▶ [EXERCISE OBJECTIVE] Search the data for the string "make" and gather each line it is in.

======== PROVIDED RECORDS

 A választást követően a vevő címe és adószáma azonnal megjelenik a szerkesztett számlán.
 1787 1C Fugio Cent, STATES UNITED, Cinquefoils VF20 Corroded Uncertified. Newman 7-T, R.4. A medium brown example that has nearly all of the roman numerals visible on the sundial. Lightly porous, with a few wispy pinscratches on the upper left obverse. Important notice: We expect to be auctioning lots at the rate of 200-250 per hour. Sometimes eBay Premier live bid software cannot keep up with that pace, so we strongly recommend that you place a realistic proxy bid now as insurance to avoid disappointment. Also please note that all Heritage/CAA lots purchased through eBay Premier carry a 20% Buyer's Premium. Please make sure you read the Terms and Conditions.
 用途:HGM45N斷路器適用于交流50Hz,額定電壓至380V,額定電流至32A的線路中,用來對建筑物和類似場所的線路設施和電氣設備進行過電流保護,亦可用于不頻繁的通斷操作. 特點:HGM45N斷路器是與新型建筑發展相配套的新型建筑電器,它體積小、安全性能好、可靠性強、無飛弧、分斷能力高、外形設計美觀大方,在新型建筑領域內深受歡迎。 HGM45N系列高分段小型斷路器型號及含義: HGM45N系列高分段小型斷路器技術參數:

================
======== PROVIDED RECORDS

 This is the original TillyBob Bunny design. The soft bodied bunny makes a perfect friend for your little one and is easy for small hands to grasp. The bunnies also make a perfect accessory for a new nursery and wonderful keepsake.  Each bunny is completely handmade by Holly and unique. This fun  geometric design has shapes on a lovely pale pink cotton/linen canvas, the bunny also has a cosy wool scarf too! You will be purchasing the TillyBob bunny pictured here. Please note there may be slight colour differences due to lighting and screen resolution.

================
======== PROVIDED RECORDS

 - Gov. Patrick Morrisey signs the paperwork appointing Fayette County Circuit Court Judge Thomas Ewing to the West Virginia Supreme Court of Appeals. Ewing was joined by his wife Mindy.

================

▶ [ANSWER TO THIS EXERCISE]
 1787 1C Fugio Cent, STATES UNITED, Cinquefoils VF20 Corroded Uncertified. Newman 7-T, R.4. A medium brown example that has nearly all of the roman numerals visible on the sundial. Lightly porous, with a few wispy pinscratches on the upper left obverse. Important notice: We expect to be auctioning lots at the rate of 200-250 per hour. Sometimes eBay Premier live bid software cannot keep up with that pace, so we strongly recommend that you place a realistic proxy bid now as insurance to avoid disappointment. Also please note that all Heritage/CAA lots purchased through eBay Premier carry a 20% Buyer's Premium. Please make sure you read the Terms and Conditions.
 This is the original TillyBob Bunny design. The soft bodied bunny makes a perfect friend for your little one and is easy for small hands to grasp. The bunnies also make a perfect accessory for a new nursery and wonderful keepsake.  Each bunny is completely handmade by Holly and unique. This fun  geometric design has shapes on a lovely pale pink cotton/linen canvas, the bunny also has a cosy wool scarf too! You will be purchasing the TillyBob bunny pictured here. Please note there may be slight colour differences due to lighting and screen resolution.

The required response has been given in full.